Leveraging BERT and c-TF-IDF to create easily interpretable topics.
https://maartengr.github.io/BERTopic/
MIT License
5.76k stars 716 forks source link

Extending ".visulize_document_datamap" with "label_over_points"-flag #2012

Open PYaDo opened 1 month ago

PYaDo commented 1 month ago

Hey @MaartenGr! Great work on this library. I recently came across an underlying functionality of datamapplot and noticed it is not yet implemented in the BERTopic package. I assume this relates to an updated DataMapPlot-version.
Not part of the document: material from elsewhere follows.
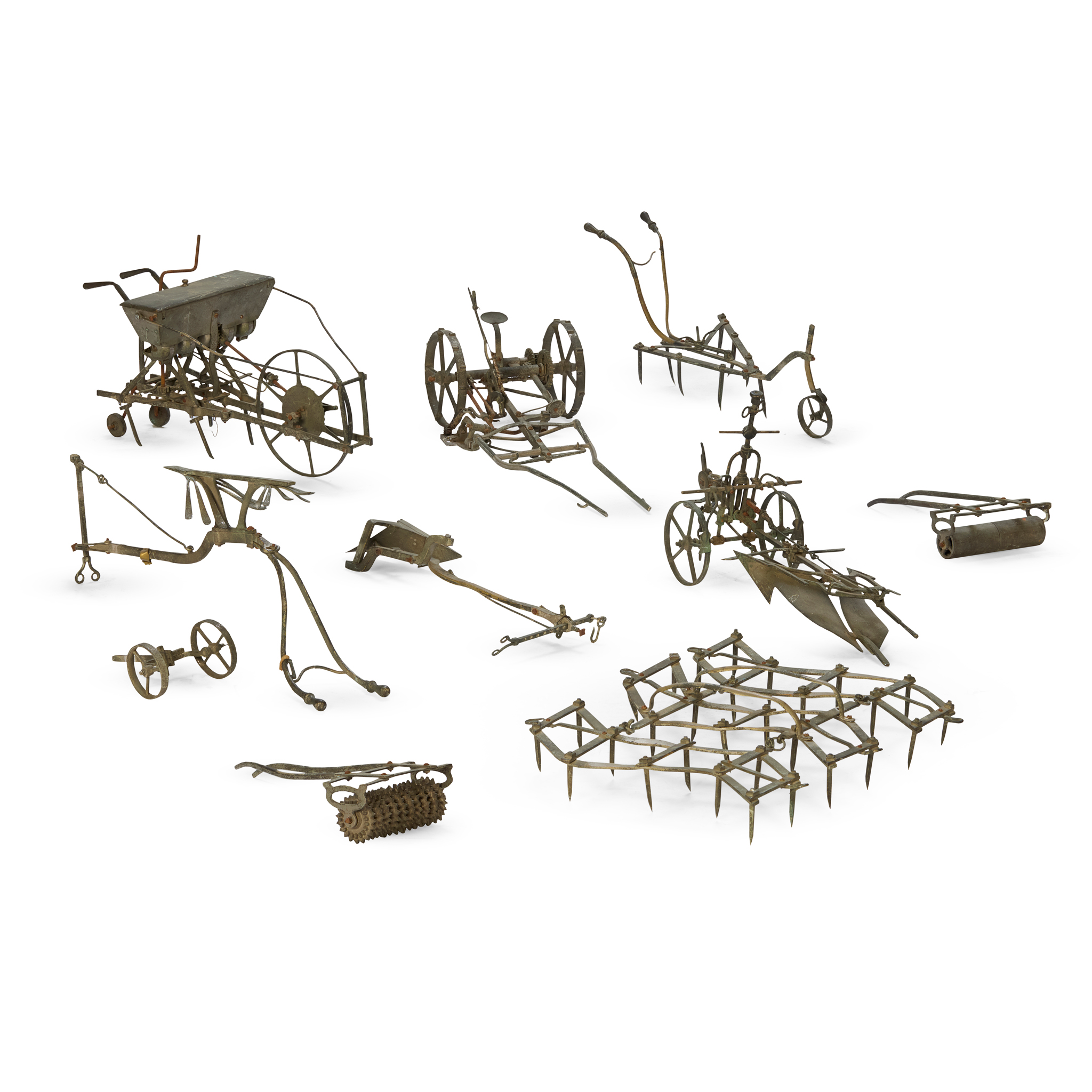 comprising various ploughs, a harrow, a seed planter, a roller and other machinery, unmarked (qty)

In detail: The DataMapPlot-lib allows me to assign the labels on top of the clusters instead of using "straight line pointers". This may be helpful to handle large visualizations with many clusters to ensure readability. I was not able to pass the "label_over_points" flag to the "visualize_document_datamap". The docs for the according DataMapPlot section can be found here: https://datamapplot.readthedocs.io/en/latest/label_over_points.html

My current workaround is to use the most recent version of DataMapPlot and pass in the UMAP-Embeddings, topic labels and desired DataMapPlot-flags directly. Therefore I avoid using the ".visualize_document_datamap"-Method on my topic_model.

import datamapplot fig, ax = datamapplot.create_plot(umap_embeddings, labels, label_over_points=True) plt.show()

An manual update of the underlying DataMapPlot package via pip however seems to solve the issue for me. You might wanna have a look into that. Thanks in advance!

MaartenGr commented 4 weeks ago

If I'm not mistaken, this would be solved by using the latest version of datamapplot and in BERTopic use the datamap_kwds parameter right?